Coupe du monde 2026 : équipe type, niveau de l'adversaire, conséquences... Trois questions avant France-Sénégal
Les Bleus débutent la compétition, mardi, avec l'envie de démarrer par une victoire, comme lors des trois précédentes participations sous Didier Deschamps.
Le grand jour est arrivé. L'équipe de France lance enfin sa Coupe du monde 2026. Six jours après son arrivée sur le sol américain, elle commence son tournoi directement par le plat de résistance, le Sénégal, mardi 16 juin, au MetLife Stadium, à côté de New York. L'affiche est aussi alléchante qu'importante. Franceinfo: sport répond aux trois grandes questions qui se posent avant le coup d'envoi.
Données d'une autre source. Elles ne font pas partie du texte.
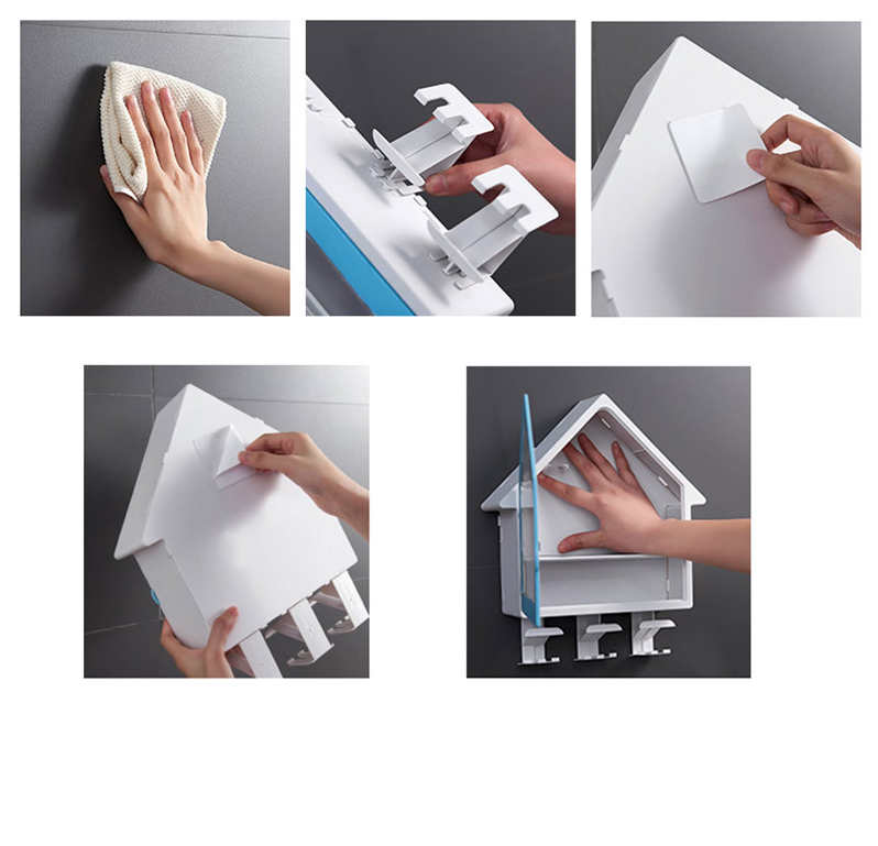 Nhiều công dụng: ngăn lớn đựng được kem đánh răng, mỹ phẩm, có khấc nhỏ để treo dao cạo râu, phía dưới hộp có giá ú ply và treo bàn chải đanh răng

Quel onze de départ pour l'équipe de France ?
Comme chaque entrée en lice dans un grand tournoi, cette question est incontournable. Il y a relativement peu de doutes sur le plan de départ prévu par Didier Deschamps. Le même onze que celui aligné contre l'Irlande du Nord tient la corde : Mike Maignan – Jules Koundé, Dayot Upamecano, William Saliba, Theo Hernandez – Aurélien Tchouameni, Adrien Rabiot – Michael Olise, Ousmane Dembélé, Désiré Doué – Kylian Mbappé.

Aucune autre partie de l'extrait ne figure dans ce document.